One video posted to social media shows crowds of people carrying signs with various slogans written on them. One read: "If it swoops, it snoops. Birds aren't real. Wake up sheeple."
Another demonstrator's sign claimed that when birds innocuously sit on power lines, they are in fact charging their batteries. It's unclear how many people showed up.
The movement, called Birds Aren't Real, is considered to be tongue-in-cheek, possibly making a dry mockery of genuine conspiracy theorists. Bird protection society Audubon has called the group a marketing scheme to sell related merchandise.
One prominent group member, Peter McIndoe, has represented the group in media reports a number of times. On its website, the group acknowledges him as a representative.
McIndoe told news site Block Club Chicago in 2018 that the campaign is meant to show "we are living in a post-truth era," and he told Newsweek this year that the group is a "post-truth era comedy project."
Birds Aren't Real has been operating for years, having created a Twitter account in 2017. News stories documenting the group's publicity stunts over the years can be traced back to 2018—though McIndoe told Newsweek in March that it has been operating since the 1950s.
According to a PSA video produced by the group, the U.S. government has been killing off birds since the Eisenhower administration and replacing them with "sophisticated robot replicas" with five megapixel cameras and tracking systems.
'Liquid Tracking Apparatus'
Amid this week's Springfield rally, McIndoe told reporters that he believes birds are "charging on power lines" and that "bird poop on cars is liquid tracking apparatus."
CBS 42 reported that followers of the group are making fun of mainstream conspiracy theories such as QAnon.
Yet McIndoe doesn't break character during media interviews.
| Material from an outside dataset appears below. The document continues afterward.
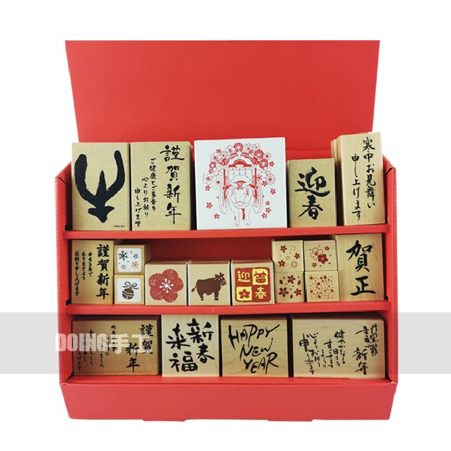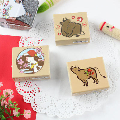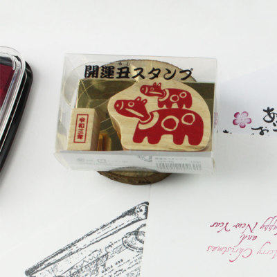 KODOMO NO KAO童颜章木头印章生肖丑牛新年贺卡可爱松竹梅樱花

Audubon states McIndoe is a 20-year-old college student at the University of Memphis, Tennessee, and the "creative muscle" behind the group.
McIndoe defended the group's legitimacy in a phone call with Audubon, stating: "The thought that this could be used to make a satire of a dark and tense time in American culture—I find those things to be baloney."
As of Friday afternoon the Birds Aren't Real group on Reddit boasted more than 385,000 members. Its Instagram account—on which there are links to the group's merchandise page—shows it has 319,000 followers.
Earlier this month, the FBI warned that followers of the conspiracy group QAnon could engage in violence against political opponents, according to a threat assessment sent to lawmakers and obtained by CNN.